SUPPLIED MATERIAL -
- Opening Delimiter -
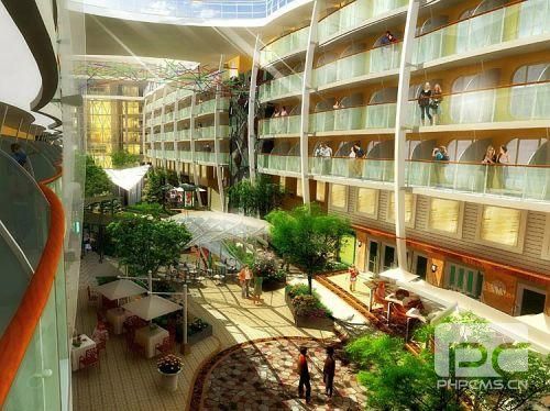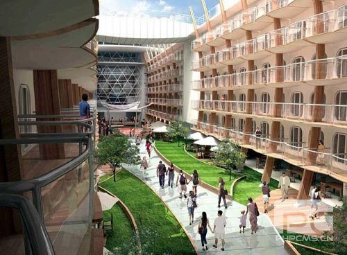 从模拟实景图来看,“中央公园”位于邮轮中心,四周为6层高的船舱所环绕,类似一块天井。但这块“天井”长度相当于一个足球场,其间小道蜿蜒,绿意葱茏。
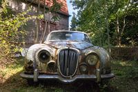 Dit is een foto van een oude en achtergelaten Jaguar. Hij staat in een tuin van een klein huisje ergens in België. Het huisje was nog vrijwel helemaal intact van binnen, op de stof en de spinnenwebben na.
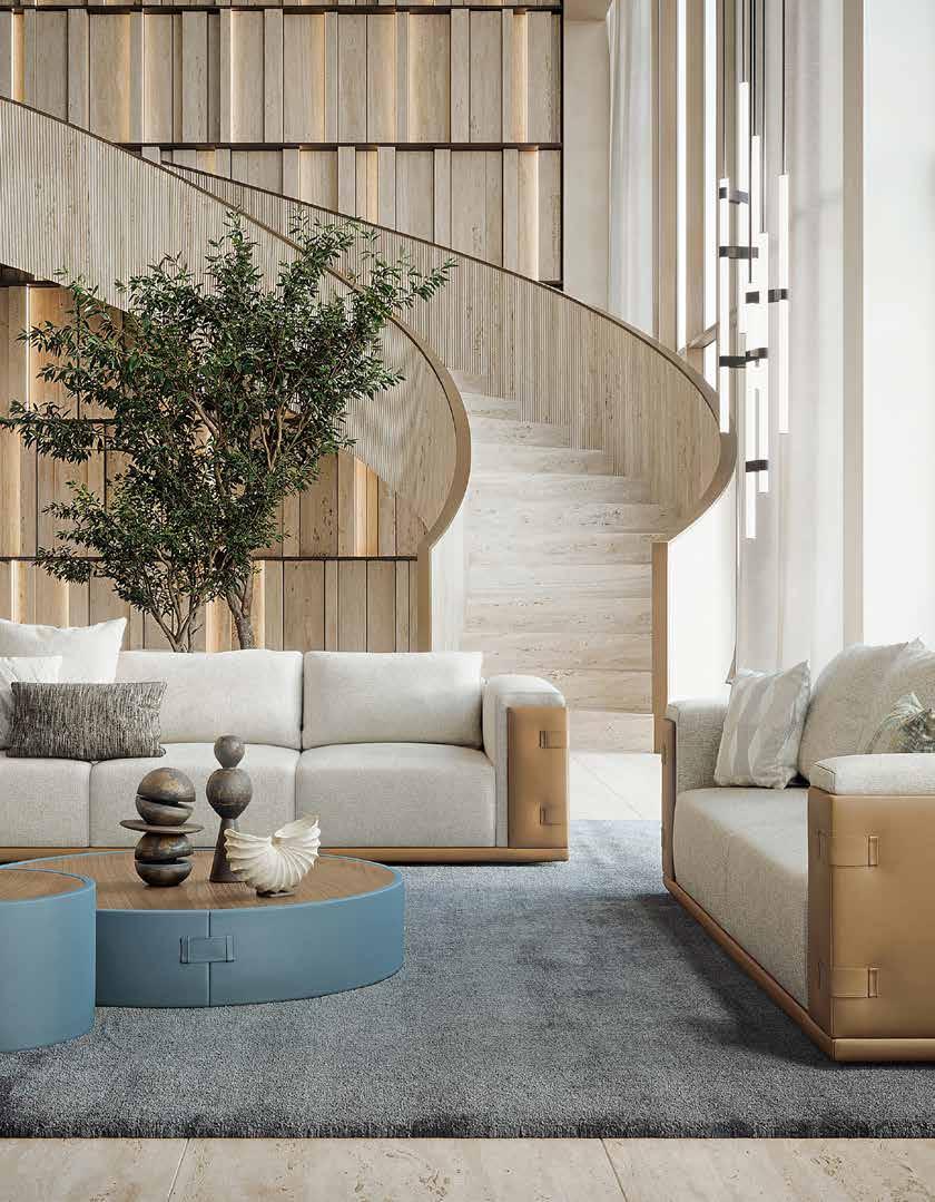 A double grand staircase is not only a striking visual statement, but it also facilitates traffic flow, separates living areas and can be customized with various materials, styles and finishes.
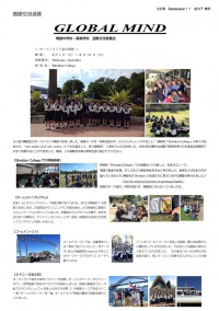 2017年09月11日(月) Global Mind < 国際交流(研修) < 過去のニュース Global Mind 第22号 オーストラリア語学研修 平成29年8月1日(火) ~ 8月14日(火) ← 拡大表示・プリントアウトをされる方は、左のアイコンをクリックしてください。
- Closing Delimiter -
YOUR GOAL - When copying, output the data exactly and leave out the pictures.

WRITTEN REPLY -
 从模拟实景图来看,“中央公园”位于邮轮中心,四周为6层高的船舱所环绕,类似一块天井。但这块“天井”长度相当于一个足球场,其间小道蜿蜒,绿意葱茏。
 Dit is een foto van een oude en achtergelaten Jaguar. Hij staat in een tuin van een klein huisje ergens in België. Het huisje was nog vrijwel helemaal intact van binnen, op de stof en de spinnenwebben na.
 A double grand staircase is not only a striking visual statement, but it also facilitates traffic flow, separates living areas and can be customized with various materials, styles and finishes.
 2017年09月11日(月) Global Mind < 国際交流(研修) < 過去のニュース Global Mind 第22号 オーストラリア語学研修 平成29年8月1日(火) ~ 8月14日(火) ← 拡大表示・プリントアウトをされる方は、左のアイコンをクリックしてください。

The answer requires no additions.